▸ WHAT THIS TASK INVOLVES:
Take the line that contains "Zupa z ziemniakami, papryką" and each line after it to the end of the data below, and set them down exactly, omitting pictures.

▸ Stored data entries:
== Segment start ==

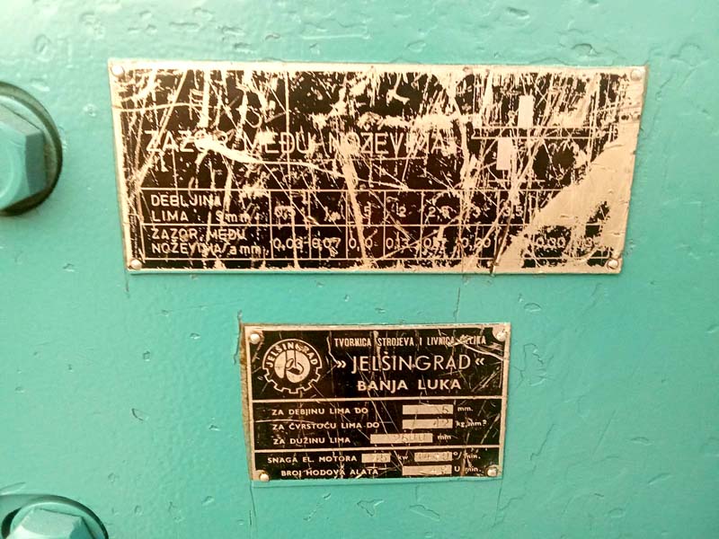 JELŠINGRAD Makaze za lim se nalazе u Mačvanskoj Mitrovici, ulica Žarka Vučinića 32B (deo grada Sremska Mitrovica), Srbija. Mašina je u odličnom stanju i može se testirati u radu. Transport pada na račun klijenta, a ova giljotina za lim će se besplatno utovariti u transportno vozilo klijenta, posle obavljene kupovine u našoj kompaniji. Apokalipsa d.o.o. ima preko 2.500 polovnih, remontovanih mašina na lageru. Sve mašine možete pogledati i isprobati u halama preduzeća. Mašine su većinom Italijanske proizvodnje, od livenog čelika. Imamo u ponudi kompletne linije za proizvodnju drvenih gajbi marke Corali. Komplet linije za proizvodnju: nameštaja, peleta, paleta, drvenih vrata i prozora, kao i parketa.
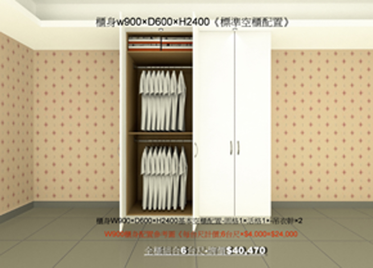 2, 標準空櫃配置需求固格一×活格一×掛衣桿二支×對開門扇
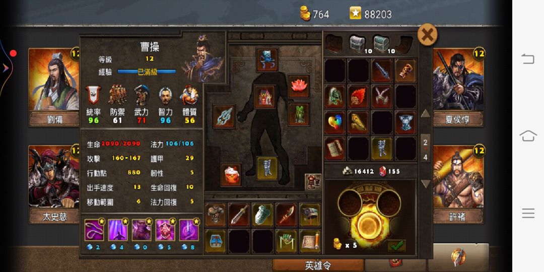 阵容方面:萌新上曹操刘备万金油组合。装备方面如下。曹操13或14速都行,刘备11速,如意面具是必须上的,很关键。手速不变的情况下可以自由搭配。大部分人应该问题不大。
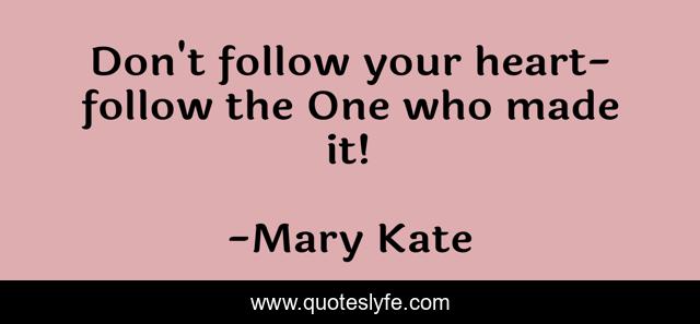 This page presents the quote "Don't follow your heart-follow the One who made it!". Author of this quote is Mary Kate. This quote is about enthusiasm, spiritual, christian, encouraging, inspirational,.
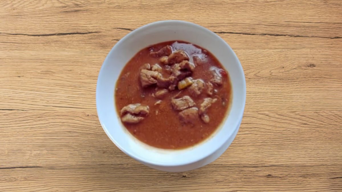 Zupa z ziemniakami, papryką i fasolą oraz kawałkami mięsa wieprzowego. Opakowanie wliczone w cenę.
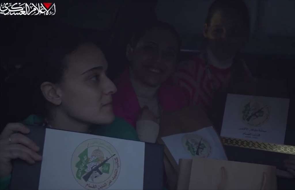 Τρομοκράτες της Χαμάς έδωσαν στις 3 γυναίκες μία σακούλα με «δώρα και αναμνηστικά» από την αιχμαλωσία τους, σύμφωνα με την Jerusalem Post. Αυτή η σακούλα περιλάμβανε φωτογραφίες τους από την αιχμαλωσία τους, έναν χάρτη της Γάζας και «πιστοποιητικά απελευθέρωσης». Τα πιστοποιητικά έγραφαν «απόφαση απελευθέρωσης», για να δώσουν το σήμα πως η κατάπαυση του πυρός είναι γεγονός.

== Segment end ==

▸ ANSWER TO THE EXERCISE:
 Zupa z ziemniakami, papryką i fasolą oraz kawałkami mięsa wieprzowego. Opakowanie wliczone w cenę.
 Τρομοκράτες της Χαμάς έδωσαν στις 3 γυναίκες μία σακούλα με «δώρα και αναμνηστικά» από την αιχμαλωσία τους, σύμφωνα με την Jerusalem Post. Αυτή η σακούλα περιλάμβανε φωτογραφίες τους από την αιχμαλωσία τους, έναν χάρτη της Γάζας και «πιστοποιητικά απελευθέρωσης». Τα πιστοποιητικά έγραφαν «απόφαση απελευθέρωσης», για να δώσουν το σήμα πως η κατάπαυση του πυρός είναι γεγονός.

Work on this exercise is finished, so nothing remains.